8    Criteria for approval of a Related Party Transaction by the Board / Audit

Committee:

8.1            To review a Related  Party  Transaction, the Board  / Audit Committee will be provide  with    all   relevant   material   information   of   the   Related    Party Transaction, including the  terms  of the  transaction, the  business purpose of the  transaction, the  benefits  to the  Company and  to the  Related  Party,  and any other  relevant matters.

The information provided shall specifically cover the following:

  1. The name of the related party and nature of relationship;
  2. The  nature, duration of the   contract and   particulars of the   contract or arrangement;

iii.   The material terms of the contract or arrangement including the value, if any;

  1. iv. Any advance paid or received for the contract or arrangement, if any;
  2. v. the manner of determining the  pricing and  other  commercial terms,  both included as part  of contract and not considered as part  of the contract;
  3. v Whether all factors relevant to the contract have been considered, if not, the details of factors not considered with the rationale for not considering those factors;

vii. The persons/authority approving the transaction; and

viii. Any other information relevant or important for the Committee to take a decision on the proposed transaction.
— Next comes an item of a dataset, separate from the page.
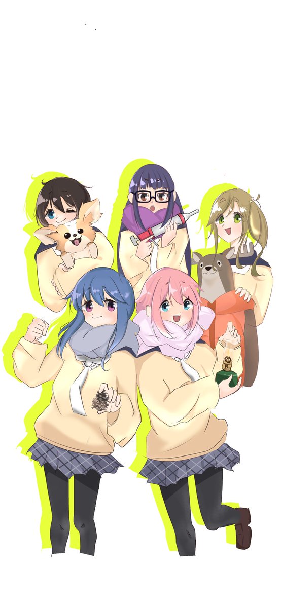 ゆるキャンの集合絵!! みんなと言ったらというものを持たせました😊 頑張ったのでみてくだせぇ!!! #ゆるキャン #イラスト
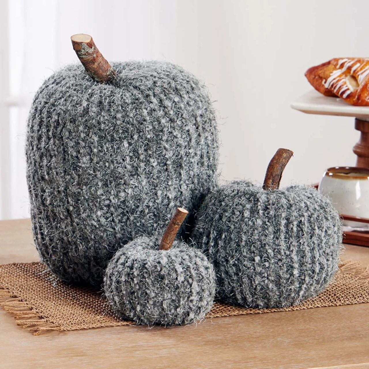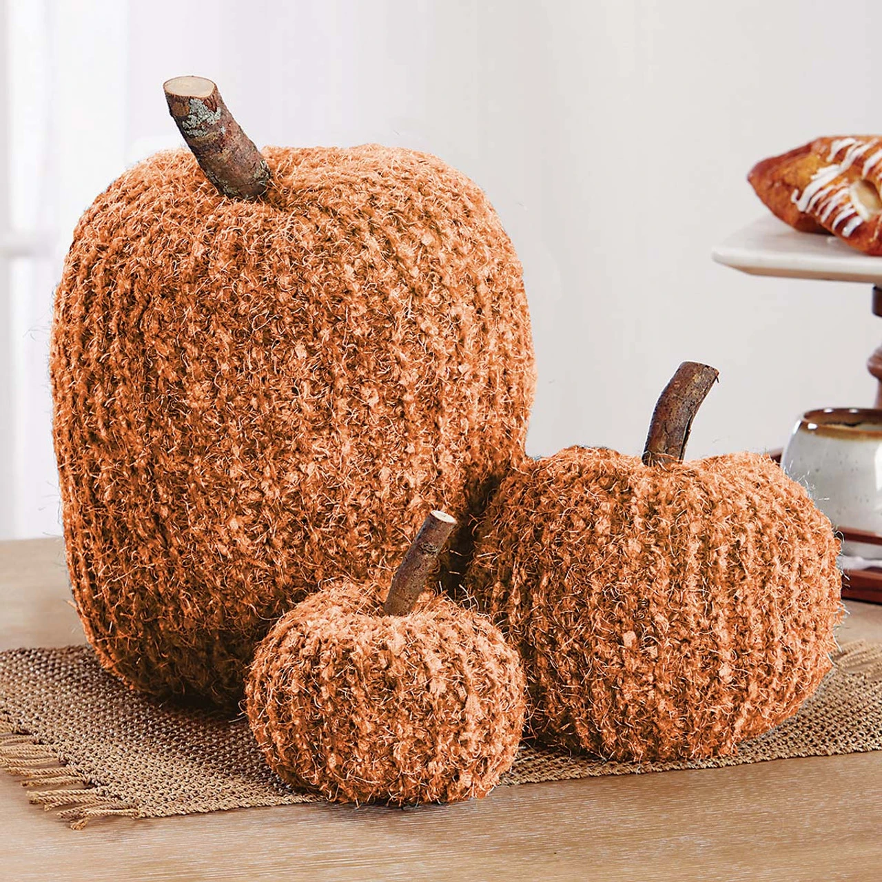 Personalize this trendy pumpkin patch to match your décor! This trio of easy knit pumpkins can be created in all colors of Department 71 Whimsical yarn. Choose your favorite color from the palette below (or pick more than one!) and create trendy fall pumpkins to match your décor. The slightly fuzzy texture of this blended yarn makes three chic and sophisticated pumpkins for fall decorating. Pumpkins measure up to 8 x 11″ (20.3 x 28cm) and require US size 11 (8mm) straight needles to complete (not included). Imported.

8.2    In determining whether to approve a Related  Party  Transaction, the Board/ Audit Committee shall  consider the  following factors,  amongst others,   to  the  extant relevant to the Related  Party  Transaction:-

  1. Whether the  transaction is in the   ordinary course   of business of the company.
  2. Whether the terms  of the  Related  Party  Transaction are  fair  and  on  arm’s length   basis  to  the  Company and  would apply on  the  same  basis  if the transaction did not involve a Related  Party;

iii.   Whether there  are any undue compelling business reasons for the Company to  enter  into  the  Related  Party  Transaction and  the  nature of alternative transactions, if any;

iv. Whether the Related Party Transaction would affect the independence of the directors/KMP;

v. Whether the proposed transaction includes any  potential reputational risk issues  that  may  arise  as  a  result   of  or  in  connection with  the  proposed transaction;

vi. Where the  ratification of the  Related  Party  Transaction is allowed by  law and  is sought from  the  Committee, the  reason for  not  obtaining the  prior approval of  the  Committee  and   the  relevance  of  business urgency and whether subsequent ratification would be detrimental to the Company; and

vii. Whether the Related Party transaction would present an improper conflict  of interest for any  director or Key Managerial Personnel of the  Company, taking  into account the size of the transaction, the overall  financial position of  the  director,  Executive   Officer  or  other   Related   Party,   the  direct   or indirect  nature  of  the   director’s,  Key  Managerial  Personnel’s  or  other Related  Party’s  interest in  the  transaction and  the  ongoing nature of any proposed relationship and  any  other  factors  the  Board/Committee deems relevant.

9    Disclosures:

9.1       Every   Director  of  a  Company  who   is  in  any   way,   whether  directly  or indirectly, concerned or interested in a contract or arrangement or proposed contract or arrangement entered into or to be entered into—

(a)       With  a body  corporate in which  such  director or such  director in association with  any  other  director, holds  more  than  two  per  cent. shareholding of that body  corporate, or  is a promoter, manager, Chief  Executive  Officer  of that body  corporate; or

(b)       With  a firm  or  other  entity  in  which,  such  director is a partner, owner or member, as  the  case  may  be,  shall  disclose   the  nature of  his  concern   or interest at the meeting of the Board  in which  the contract or arrangement is discussed and shall not participate in such meeting:

Provided that where any director who is not so concerned or interested at the time of entering into such contract or arrangement, he shall, if he becomes concerned or interested after the contract or arrangement is entered into, disclose his concern or interest forthwith when he becomes concerned or interested or at the first meeting of the Board held after he becomes so concerned or interested.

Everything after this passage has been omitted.